TASK MATERIAL:
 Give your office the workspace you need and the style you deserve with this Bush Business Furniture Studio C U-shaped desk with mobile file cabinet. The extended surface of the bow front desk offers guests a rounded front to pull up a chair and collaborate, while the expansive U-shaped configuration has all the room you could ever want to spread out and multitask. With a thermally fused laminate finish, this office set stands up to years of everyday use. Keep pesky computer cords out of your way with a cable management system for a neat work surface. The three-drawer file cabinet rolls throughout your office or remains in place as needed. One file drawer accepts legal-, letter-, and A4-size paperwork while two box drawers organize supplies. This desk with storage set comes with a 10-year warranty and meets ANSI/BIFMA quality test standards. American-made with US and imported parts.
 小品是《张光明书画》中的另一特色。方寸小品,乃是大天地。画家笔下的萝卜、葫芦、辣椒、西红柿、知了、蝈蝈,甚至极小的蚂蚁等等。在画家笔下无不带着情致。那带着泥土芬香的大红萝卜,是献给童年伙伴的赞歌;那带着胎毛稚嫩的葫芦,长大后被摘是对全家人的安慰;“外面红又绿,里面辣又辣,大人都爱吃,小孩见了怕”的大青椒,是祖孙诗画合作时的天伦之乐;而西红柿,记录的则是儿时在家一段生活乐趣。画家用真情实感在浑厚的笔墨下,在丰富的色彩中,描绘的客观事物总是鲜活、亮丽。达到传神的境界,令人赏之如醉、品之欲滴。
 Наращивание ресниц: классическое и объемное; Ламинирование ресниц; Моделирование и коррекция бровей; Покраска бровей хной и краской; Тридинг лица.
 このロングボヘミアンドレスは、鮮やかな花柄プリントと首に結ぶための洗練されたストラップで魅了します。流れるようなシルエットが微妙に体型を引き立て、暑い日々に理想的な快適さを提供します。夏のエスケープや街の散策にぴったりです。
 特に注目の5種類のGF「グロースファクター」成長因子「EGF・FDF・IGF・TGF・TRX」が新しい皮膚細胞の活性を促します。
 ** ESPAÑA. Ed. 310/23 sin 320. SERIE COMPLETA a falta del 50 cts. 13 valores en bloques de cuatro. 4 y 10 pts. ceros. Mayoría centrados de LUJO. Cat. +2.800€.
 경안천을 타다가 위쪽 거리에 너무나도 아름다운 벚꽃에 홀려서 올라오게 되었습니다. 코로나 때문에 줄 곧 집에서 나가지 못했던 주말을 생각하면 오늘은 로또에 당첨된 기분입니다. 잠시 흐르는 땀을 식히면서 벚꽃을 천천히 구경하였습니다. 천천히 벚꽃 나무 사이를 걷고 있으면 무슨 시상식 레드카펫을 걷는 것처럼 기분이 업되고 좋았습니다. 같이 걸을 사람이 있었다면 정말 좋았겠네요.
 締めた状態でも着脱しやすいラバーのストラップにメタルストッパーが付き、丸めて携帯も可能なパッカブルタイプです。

==

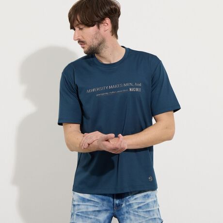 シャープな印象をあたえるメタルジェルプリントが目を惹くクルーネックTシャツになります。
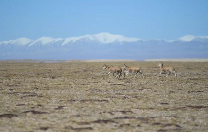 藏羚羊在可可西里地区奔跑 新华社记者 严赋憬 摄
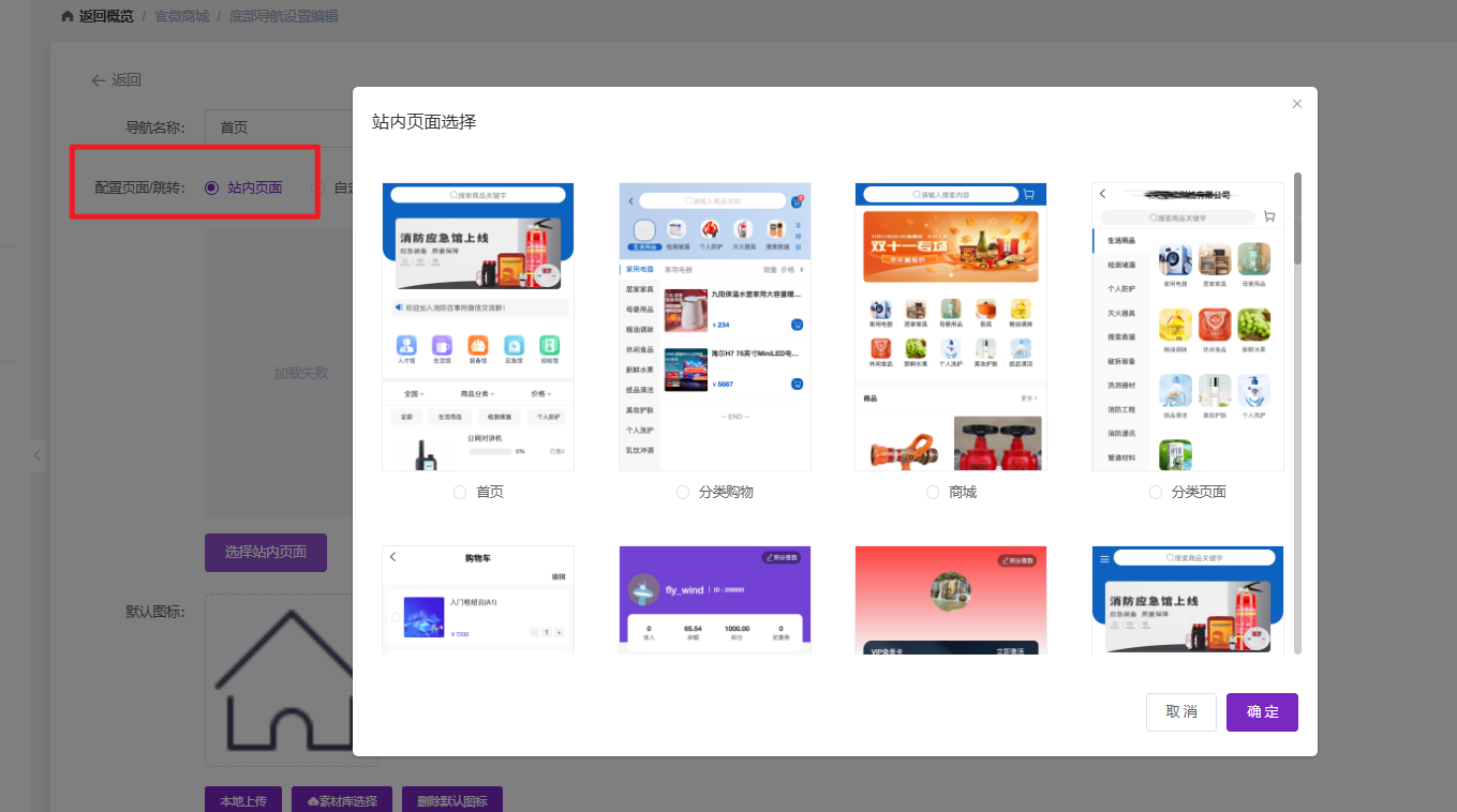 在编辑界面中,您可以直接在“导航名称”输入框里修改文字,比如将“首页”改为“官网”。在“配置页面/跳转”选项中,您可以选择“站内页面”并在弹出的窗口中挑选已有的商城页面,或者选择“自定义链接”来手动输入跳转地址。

--

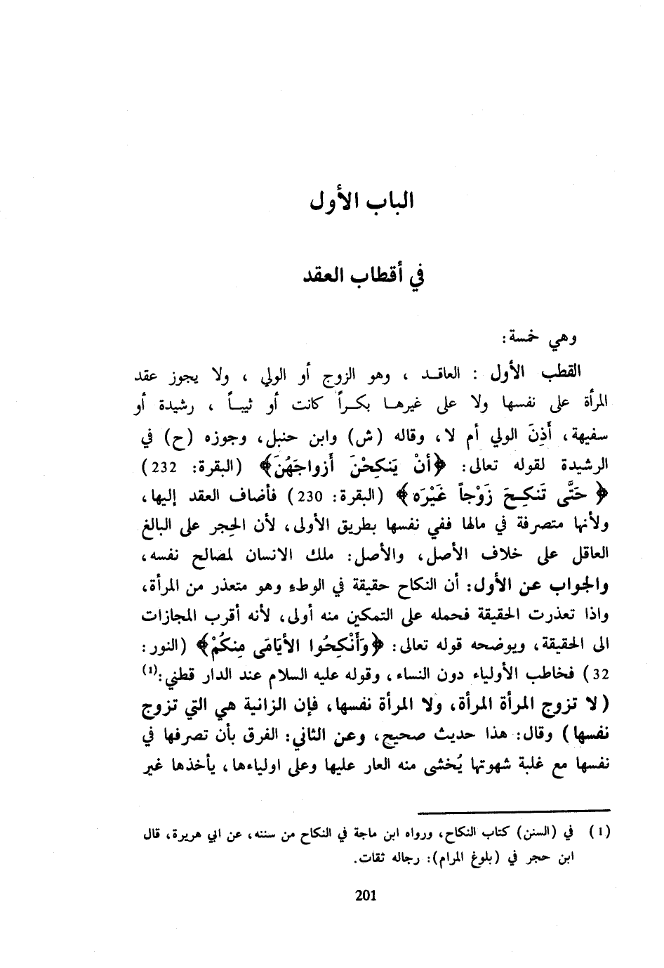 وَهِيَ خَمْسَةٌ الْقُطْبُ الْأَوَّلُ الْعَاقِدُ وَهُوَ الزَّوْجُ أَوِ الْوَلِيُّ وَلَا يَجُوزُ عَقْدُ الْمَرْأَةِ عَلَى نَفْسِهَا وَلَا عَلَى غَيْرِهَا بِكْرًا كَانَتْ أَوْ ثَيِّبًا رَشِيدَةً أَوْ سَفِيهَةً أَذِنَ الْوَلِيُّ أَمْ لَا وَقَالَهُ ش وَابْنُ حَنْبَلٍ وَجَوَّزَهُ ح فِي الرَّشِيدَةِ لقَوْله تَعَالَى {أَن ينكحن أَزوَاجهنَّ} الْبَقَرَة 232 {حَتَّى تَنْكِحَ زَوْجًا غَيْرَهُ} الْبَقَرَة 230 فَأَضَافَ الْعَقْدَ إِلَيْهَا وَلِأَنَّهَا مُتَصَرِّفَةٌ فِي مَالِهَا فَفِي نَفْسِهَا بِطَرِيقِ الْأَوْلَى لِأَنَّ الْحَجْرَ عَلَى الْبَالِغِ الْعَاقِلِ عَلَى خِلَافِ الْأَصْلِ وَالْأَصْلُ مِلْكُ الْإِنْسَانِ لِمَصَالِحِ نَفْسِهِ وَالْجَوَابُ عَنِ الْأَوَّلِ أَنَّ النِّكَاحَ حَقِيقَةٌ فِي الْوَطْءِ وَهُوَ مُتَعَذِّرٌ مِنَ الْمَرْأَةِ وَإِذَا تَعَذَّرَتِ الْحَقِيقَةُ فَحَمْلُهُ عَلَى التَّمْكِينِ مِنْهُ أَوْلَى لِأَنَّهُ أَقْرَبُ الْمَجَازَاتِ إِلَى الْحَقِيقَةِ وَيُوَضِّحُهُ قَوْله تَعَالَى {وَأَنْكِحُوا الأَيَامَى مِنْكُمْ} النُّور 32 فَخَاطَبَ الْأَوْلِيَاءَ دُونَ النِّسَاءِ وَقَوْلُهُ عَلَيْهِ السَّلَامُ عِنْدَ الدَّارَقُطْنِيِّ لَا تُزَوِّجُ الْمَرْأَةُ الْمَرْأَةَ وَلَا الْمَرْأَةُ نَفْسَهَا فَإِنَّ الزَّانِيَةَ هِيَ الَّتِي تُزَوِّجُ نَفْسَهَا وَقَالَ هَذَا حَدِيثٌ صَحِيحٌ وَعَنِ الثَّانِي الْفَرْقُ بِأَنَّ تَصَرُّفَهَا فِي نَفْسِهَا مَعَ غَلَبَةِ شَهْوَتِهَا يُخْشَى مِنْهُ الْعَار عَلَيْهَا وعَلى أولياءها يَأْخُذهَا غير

WORK INSTRUCTION: Reproduce, exactly as they stand in the data above, the lines from the one that holds "Наращивание ресниц: классическое" to the one that holds "締めた状態でも着脱しやすいラ", inclusive.

RESULT BELOW:
 Наращивание ресниц: классическое и объемное; Ламинирование ресниц; Моделирование и коррекция бровей; Покраска бровей хной и краской; Тридинг лица.
 このロングボヘミアンドレスは、鮮やかな花柄プリントと首に結ぶための洗練されたストラップで魅了します。流れるようなシルエットが微妙に体型を引き立て、暑い日々に理想的な快適さを提供します。夏のエスケープや街の散策にぴったりです。
 特に注目の5種類のGF「グロースファクター」成長因子「EGF・FDF・IGF・TGF・TRX」が新しい皮膚細胞の活性を促します。
 ** ESPAÑA. Ed. 310/23 sin 320. SERIE COMPLETA a falta del 50 cts. 13 valores en bloques de cuatro. 4 y 10 pts. ceros. Mayoría centrados de LUJO. Cat. +2.800€.
 경안천을 타다가 위쪽 거리에 너무나도 아름다운 벚꽃에 홀려서 올라오게 되었습니다. 코로나 때문에 줄 곧 집에서 나가지 못했던 주말을 생각하면 오늘은 로또에 당첨된 기분입니다. 잠시 흐르는 땀을 식히면서 벚꽃을 천천히 구경하였습니다. 천천히 벚꽃 나무 사이를 걷고 있으면 무슨 시상식 레드카펫을 걷는 것처럼 기분이 업되고 좋았습니다. 같이 걸을 사람이 있었다면 정말 좋았겠네요.
 締めた状態でも着脱しやすいラバーのストラップにメタルストッパーが付き、丸めて携帯も可能なパッカブルタイプです。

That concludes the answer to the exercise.